# [Information given]
☆ ☆ ☆ ☆ ☆

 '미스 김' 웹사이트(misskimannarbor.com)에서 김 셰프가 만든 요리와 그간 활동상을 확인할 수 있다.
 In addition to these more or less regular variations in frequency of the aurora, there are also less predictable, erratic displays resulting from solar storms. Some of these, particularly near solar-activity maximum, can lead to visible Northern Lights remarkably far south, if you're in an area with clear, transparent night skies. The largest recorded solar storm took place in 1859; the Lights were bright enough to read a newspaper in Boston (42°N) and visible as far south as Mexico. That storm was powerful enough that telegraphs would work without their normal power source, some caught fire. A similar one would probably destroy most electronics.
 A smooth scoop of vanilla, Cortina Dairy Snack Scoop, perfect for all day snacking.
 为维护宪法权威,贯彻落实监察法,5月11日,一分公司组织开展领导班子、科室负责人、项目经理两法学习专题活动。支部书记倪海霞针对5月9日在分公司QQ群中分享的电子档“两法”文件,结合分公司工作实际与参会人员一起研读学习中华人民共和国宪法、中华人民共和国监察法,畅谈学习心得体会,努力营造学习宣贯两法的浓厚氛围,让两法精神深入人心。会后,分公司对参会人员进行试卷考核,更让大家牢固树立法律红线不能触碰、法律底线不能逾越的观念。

☆ ☆ ☆ ☆ ☆

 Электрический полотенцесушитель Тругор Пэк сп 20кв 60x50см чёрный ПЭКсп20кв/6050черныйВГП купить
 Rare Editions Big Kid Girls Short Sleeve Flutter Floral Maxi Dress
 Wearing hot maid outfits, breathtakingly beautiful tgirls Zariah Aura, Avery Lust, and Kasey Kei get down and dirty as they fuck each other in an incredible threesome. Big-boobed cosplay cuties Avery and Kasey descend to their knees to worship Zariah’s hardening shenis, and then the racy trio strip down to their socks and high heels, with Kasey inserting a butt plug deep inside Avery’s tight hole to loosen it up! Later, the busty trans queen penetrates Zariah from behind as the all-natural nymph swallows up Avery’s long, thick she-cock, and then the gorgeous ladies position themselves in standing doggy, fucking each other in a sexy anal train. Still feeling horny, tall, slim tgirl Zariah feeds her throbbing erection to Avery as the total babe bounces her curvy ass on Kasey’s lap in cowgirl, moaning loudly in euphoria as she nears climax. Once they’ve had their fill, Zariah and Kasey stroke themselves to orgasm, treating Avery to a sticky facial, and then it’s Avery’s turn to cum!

☆ ☆ ☆ ☆ ☆

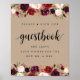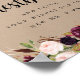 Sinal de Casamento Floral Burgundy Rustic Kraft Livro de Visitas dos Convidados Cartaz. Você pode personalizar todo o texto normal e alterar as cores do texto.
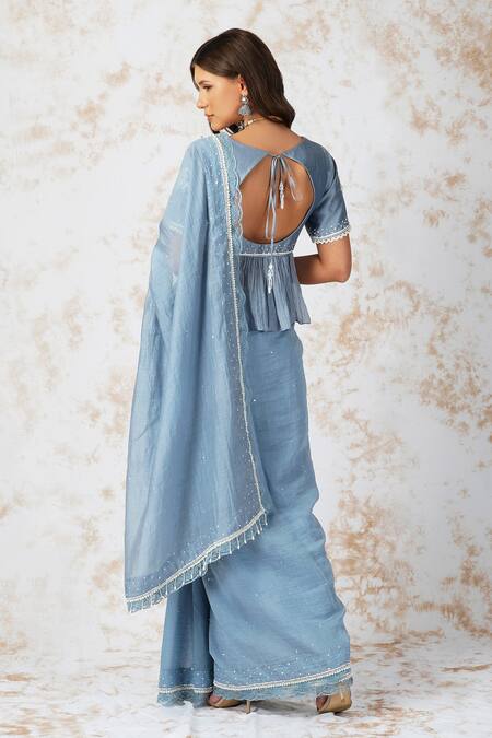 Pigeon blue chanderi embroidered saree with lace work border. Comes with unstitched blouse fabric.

☆ ☆ ☆ ☆ ☆

# [What needs to be done]
Would you write out exactly the lines above, starting at the line containing "Sinal de Casamento" and stopping after the line containing "Pigeon blue chanderi"? Omit the pictures.

# [Solution to the problem]
 Sinal de Casamento Floral Burgundy Rustic Kraft Livro de Visitas dos Convidados Cartaz. Você pode personalizar todo o texto normal e alterar as cores do texto.
 Pigeon blue chanderi embroidered saree with lace work border. Comes with unstitched blouse fabric.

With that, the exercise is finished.